Sample implementation

This is a sample implementation that can be extended to your own needs. The most important part are the concurrent collections to provide a thread-safe processor. The implementation is very basic. It removes all telemetry (including slow dependencies) for successful requests.

public class FilteringTelemetryProcessor : ITelemetryProcessor
{
    private readonly ITelemetryProcessor _next;
	private readonly ConcurrentDictionary<string, ConcurrentQueue<ITelemetry>> _operations = 
                 new ConcurrentDictionary<string, ConcurrentQueue<ITelemetry>>();

    public FilteringTelemetryProcessor(ITelemetryProcessor next)
    {
        _next = next;
    }

    public void Process(ITelemetry item)
    {
        // Obtain the operation identifier
        var operationId = item.Context.Operation?.Id;
        if (operationId != null)
        {
            // All operations are started via a request
            var request = item as RequestTelemetry;
            if (request != null)
            {
                // Obtain (and remove) the telemetries for this operation 
                var found = _operations.TryRemove(operationId,
                                           out ConcurrentQueue<ITelemetry> telemetries);

                // Send all the logging for the operation if the operation failed
                if (found && request.Success.HasValue && !request.Success.Value)
                {
                    ITelemetry telemetry;
                    while (telemetries.TryDequeue(out telemetry))
                        _next.Process(telemetry);
                }
            }
            else
            {
                // Obtain the telemetries for this operation
                var telemetries = _operations.GetOrAdd(operationId, 
                                                  _ => new ConcurrentQueue<ITelemetry>());
                telemetries.Enqueue(item);
                return;
            }
        }

        // Process the item
        _next.Process(item);
    }
}

A more advanced implementation is available on GitHub and there is also a NuGet package available if you want to use the module without any modifications.

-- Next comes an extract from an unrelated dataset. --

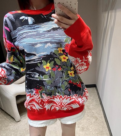 [홍콩명품.LOUIS VUITTON] 루이비통 23SS 로고 그래픽 여성 오버핏 니트 스웨터 (레드), BM15716, TBG, 홍콩명품의류,구매대행,온라인명품 > 여성몰

It is compatible with .NET 4 (and later) and .NET core. Using Application Insights on .NET core is a bit different, so check out the demo applications for more information.

The demo application shows what the filter does. Without filtering the following events are emitted to Application Insights:

Unfiltered telemetry

With the filtering active, only the slow dependencies and traces for failed requests are sent to Application Insights and drastically reducing the amount of telemetry. In this example every 10th call fails, so with actual production load the savings will be much more:

Filtered telemetry

The telemetry processor can be injected by adding the <TelemetryProcessors> tag to your configuration:

<?xml version="1.0" encoding="utf-8"?>
<ApplicationInsights xmlns="http://schemas.microsoft.com/ApplicationInsights/2013/Settings"
                     schemaVersion="2014-05-30">
  <TelemetryProcessors>
    <!-- Operation filter reduces telemetry for successful operations. -->
    <Add Type="RamonDeKlein.AI.OperationFilterProcessor, RamonDeKlein.AI">
      <AlwaysLogExceptions>True</AlwaysLogExceptions>
      <AlwaysLogFailedDependencies>True</AlwaysLogFailedDependencies>
      <AlwaysTraceDependencyWithDuration>0:0:0.150</AlwaysTraceDependencyWithDuration>
      <MinAlwaysTraceLevel>Warning</MinAlwaysTraceLevel>
      <IncludeOperationLessTelemetry>True</IncludeOperationLessTelemetry>
    </Add>
  </TelemetryProcessors>
  <InstrumentationKey>...insert-your-key-here...</InstrumentationKey>
</ApplicationInsights>

Improvements

You probably want to log trace messages with high severity levels, slow dependencies, exceptions, … It’s best to take a look at the GitHub repository and to extend it to your needs. If you think you have a neat extension and would like to share it, then please submit a pull request.